Florida’s Scott Wants Ideas from Citizens by Dec. 6

November 21, 2011

Gov. Rick Scott wants the state-backed Citizens Property Insurance Corp. to recommend ways to shore up the troubled insurer.

Scott, who prefers the insurer be sold to a private company, wants answers from the Citizens’ board by a Cabinet meeting Dec. 6.

“I expect them to come back with ideas of things they can do without the Legislature, things that we have to go to the Legislature with,” Scott said recently. “We shouldn’t be sitting here just hoping every hurricane season that we’re not going to have a hurricane. Someday we’re going to have a hurricane.”

Despite going six years without a storm, the state’s property insurance rates have continued to soar and Citizens, designed as the insurer of last resort, has grown dramatically to become the state’s largest property insurer with nearly 1.5 million customers. A one-in-100-year storm or series of destructive hurricanes could leave the company insolvent and put Florida taxpayers on the hook for making up the difference, according to experts.

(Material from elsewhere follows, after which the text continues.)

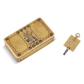 in oro giallo, di forma rettangolare con angoli arrotondati, decorata lungo tutto il profilo da tralci realizzati a rilievo e in smalto nero che vanno a incorniciare dei riquadri centrali raffiguranti piccole foglie su sfondo guilloscé, con al centro degli strumenti musicali circondati da rami fioriti. La base reca all'interno il movimento di un carillon funzionante tramite la rotazione di una leva con apposita chiave, punzoni francesi, dim. cm 8x5x2 circa, gr. 213. Corredata di scatola e chiave di carica.

Scott said most of the state’s insureds are unaware that they’d be assessed on their personal property and vehicle policies in the event Citizens couldn’t pay off. “I don’t think that they have any idea that they are taking that risk of having an assessment,” Scott said. “All consumers should know that.”

Scott grilled Citizens’ President Scott Wallace about details of the company’s business plan and was clearly chagrined at what he learned.

“You would never organize your personal life like this,” Scott said. “We’ve got to fix this.”

Legislators in 2007 tried to protect the so-called insurer of last resort in Florida by clamping down on higher premiums, but that decision didn’t work. They passed another property insurance measure earlier this year designed to give insurers some slack. And the issue never goes away.

Scott said he believes the Legislature would be willing to will work on the issue again in the 2012 session, even in an election year. “They know we can’t keep on doing what we’re doing on Citizens Insurance,” he said. “We’re very vulnerable as a state with Citizens.”

Citizens has more than 900 employees at offices in Jacksonville, Tallahassee and Tampa is run by an eight-person board of governors appointed by the governor.